The gathered villagers were moving fervently picking up the stones that the boys had gathered earlier. The rocks and stones echoed the excitement of the humans, not understanding what all was going on, but knowing something big was happening.
Someone gave the woman's small child some small pebbles, including one that Flóra knew was Clif. If Flóra had a stomach, it would have dropped, knowing what was to happen next. The villagers surrounded the woman, each holding a rock or several, as if waiting for a signal. The woman became unfrozen after she realized she was surrounded; her lips parted forming the shape of an 'O' as she looked into the eyes of the man standing directly in front of her. It was her husband, and for as much as she searched into his blue eyes, she couldn't find what she was looking for- something that told her that this was okay, that it was a joke, that nothing was going to happen.
But her husband would never lie to her, and they both knew that; a tear rolled down his cheek and his eyes looked even brighter and bluer. The woman began breathing heavily, hyperventilating as she realized her fate. Her voice rose in pitch as she began screaming again.
"It's not fair! It isn't fair!"
Her husband raised his right arm, clasping a stone that was flecked with bits of green and blue, allowing tears to flow freely down his nose and cheeks. He released the stone, sending it flying towards his wife. The rest of the villagers took this as a signal and all sent their rocks and stones towards the woman. They closed in on her, throwing each consecutive rock faster and harder. One woman ripped a rock- Clif- out of the grasp of the woman's son's hand, and drew her arm back to throw it forcefully.
The boy looked around, confused as to why his momma was yelling like that and why the people crowded around her like that. He wailed, his voice a counterpoint to his mothers, and turned around to run away from the crowd. One of the village square's bricks was slightly raised, and the little boy tripped over it, landing on his side and causing him to wail louder than ever.

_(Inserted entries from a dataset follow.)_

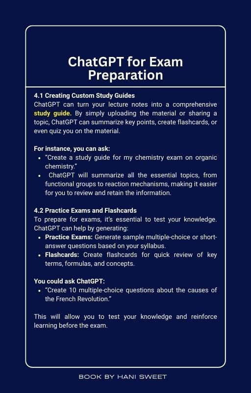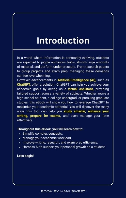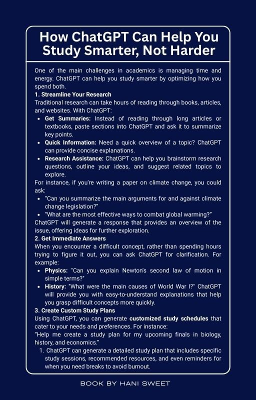 ChatGPT is an AI-powered study tool designed to help students learn faster, study smarter, and stay organized. Whether you need help understanding complex topics, writing essays, solving math problems, or preparing for exams, ChatGPT offers clear explanations, instant feedback, and personalized support. It can also generate study guides, quiz questions, summaries, and more—making it the perfect digital companion for students at any level.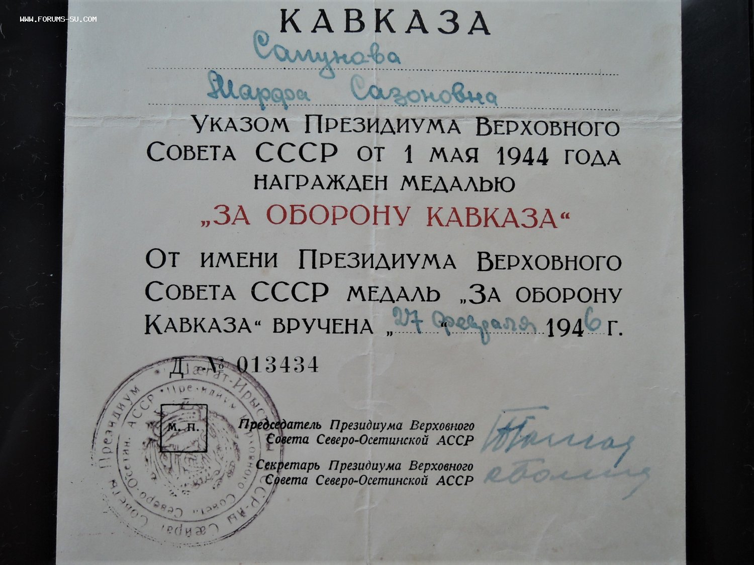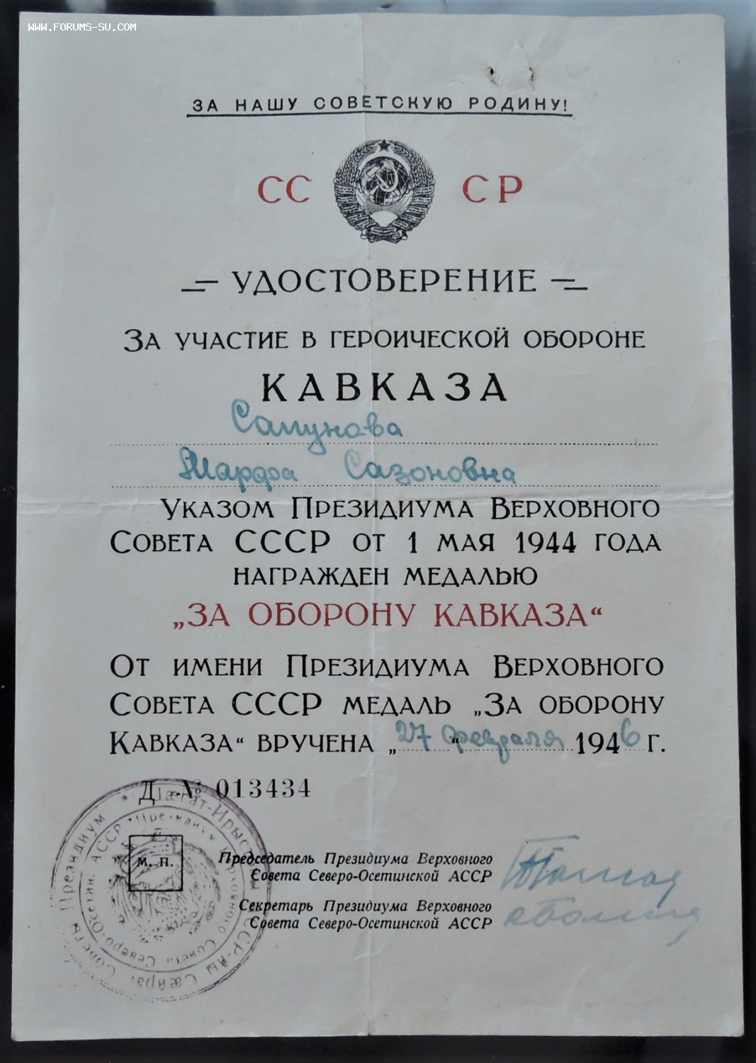 Удостоверение. Кавказ.
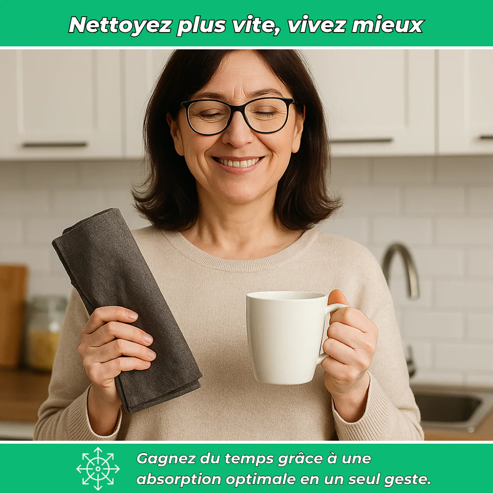 Évitez les rouleaux d’essuie-tout et les sprays coûteux. Ce chiffon réutilisable se lave facilement et conserve son efficacité lavage après lavage.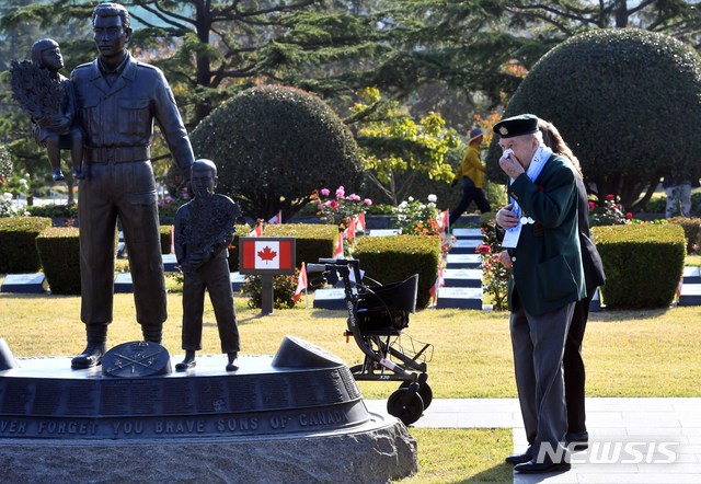 【부산=뉴시스】 하경민 기자 = 턴투워드부산 유엔참전용사 국제추모식이 열린 11일 오전 부산 남구 유엔기념공원에서 참전용사와 가족들이 전몰장병 묘역을 둘러보고 있다. 턴투워드부산 행사는 2007년 캐나다 참전용사 빈센트 커트니 씨가 6·25전쟁 참전 전사자들이 안장된 유엔기념공원이 있는 부산을 향해 묵념할 것을 제안한 이후 해마다 11월 11일 오전 11시 행사가 열리고 있다. 해외에서는 미국 등 참전 12개국에서도 동시에 이 추모행사를 열고 있다. 2019.11.11.

The child's tears dripped down his face and pattered onto the stones that were still warm from the morning's sunlight. No more than twenty feet away, the crowd continued its fervent activity. The child's salty tears pooled in the cracks between the village square's brick, so similar, yet so very different than the liquids that were mixing mere feet away. The woman's blood pooled and clotted in the cracks, mixing with the ichor that seeped from village square as she wept for all that had been lost.

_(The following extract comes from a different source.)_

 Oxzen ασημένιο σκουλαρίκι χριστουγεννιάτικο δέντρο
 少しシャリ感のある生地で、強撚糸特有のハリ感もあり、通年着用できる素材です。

The life of the woman… gone….
The love and trust between the woman and her husband… gone…
The innocence and happiness of the woman's child… gone…

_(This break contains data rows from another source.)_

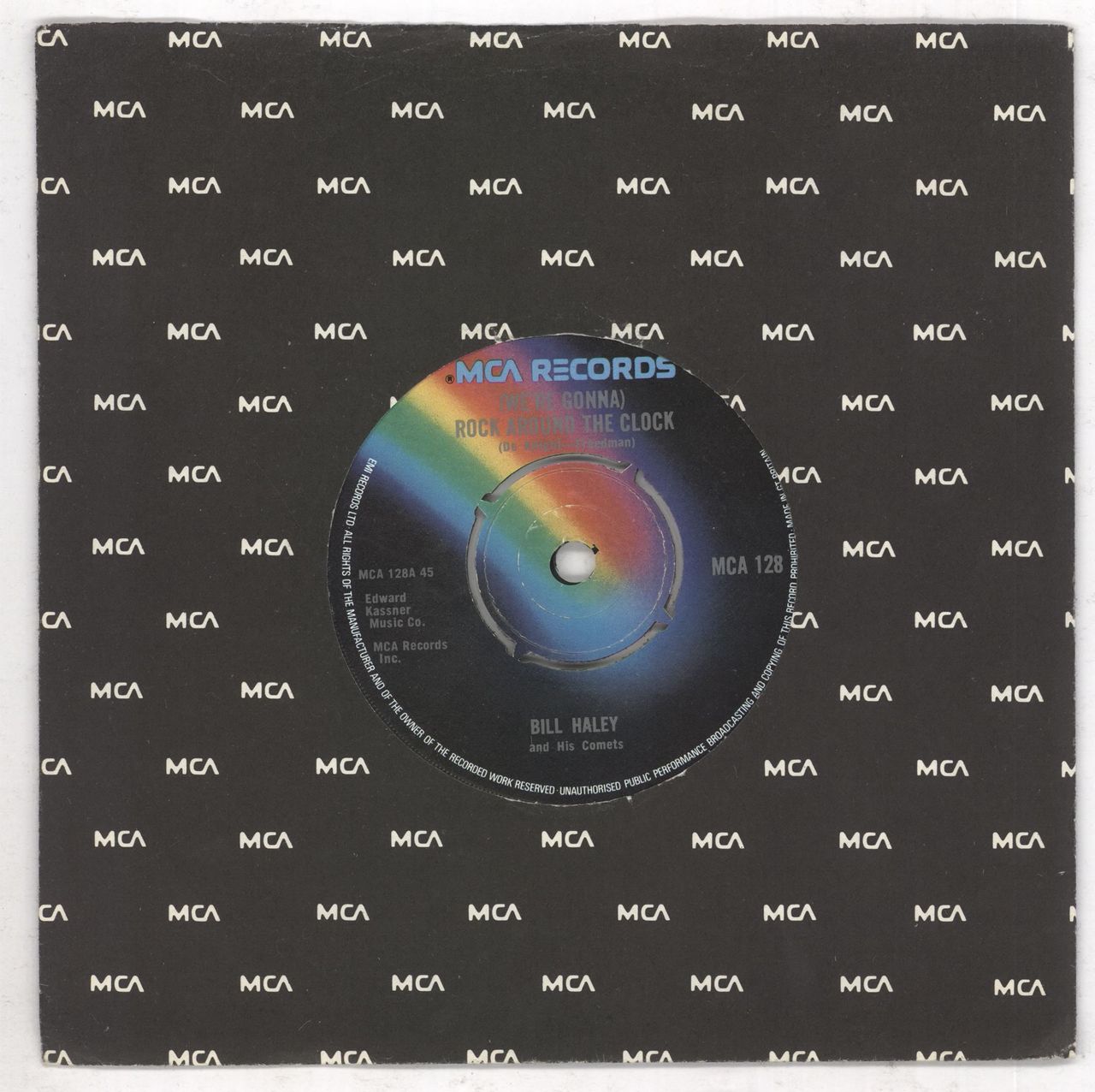 BILL HALEY & HIS COMETS Rock Around The Clock (1974 UK 3-track 7" vinyl single with the intact four prong centre, also including Rip It Up and Shake Rattle And Roll. Issued in a MCA company die-cut paper sleeve, the vinyl appears in excellentcondition MCA128)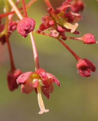 ・花は直径約5mm、複散房花序に10〜20個つけ、雄花と両性花が混生する。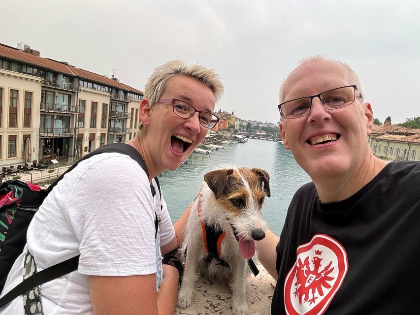 Abendliche Gassirunde in Sirmione mit Drink an der Strandbar. Das Wetter ist super trüb und es sieht nach Regen aus. Egal, was soll’s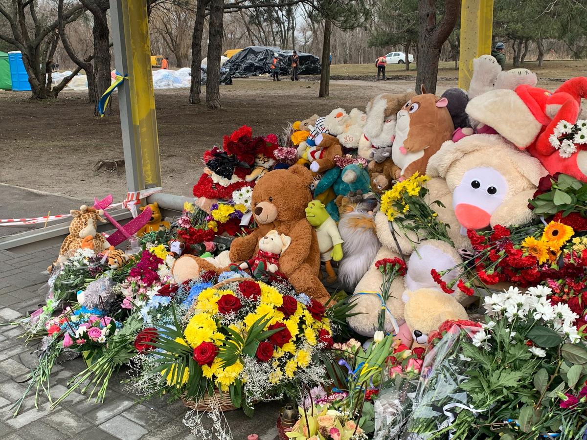 На фонарном столбе рядом со стихийным мемориалом скотчем приклеено объявление: «Психологическая поддержка 31 бригады имени генерал-майора Александра Радзиевского, горячая линия (телефон), психолог Юлия (телефон)». Бойцы Национальной гвардии, которые доставали из-под плит расплющенные человеческие останки толщиной в лист бумаги, — не железные.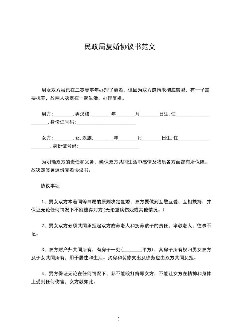 1、男女双方本着同等自愿的原则决定复婚,双方要做到互敬互爱、互相扶持,并保证无论任何情况下不能遗弃对方(无论重病伤残或其他情况。)

The village square sobbed even harder, the ichor of her tears flowing faster. She was done with all of this… insanity of the humans. Flóra had sat through countless numbers of these ceremonies, but she decided that this was to be her last.
Taking one last deep breath, Flóra relaxed and released her spirit. She floated away on a tendril of wind, finally free of her earthly binding. Spinning gleefully, Flóra raced away from the village. The wooden box had felt Flóra's escape and he smiled to himself, happy for his friend.
The sun still shone, the birds still sung, but the village had changed. When Flóra had left her body of the village square behind, the stones had changed. Their luster and beauty had dulled until it looked like the rocks the boys had gathered earlier that day. The edges crumbled more, lacking the gathering force of Flóra's spirit. One of the men noticed the crumbling of the village square, and he made a mental note to tell the leaders of the village- they would need to tear up this square and lay a new one soon.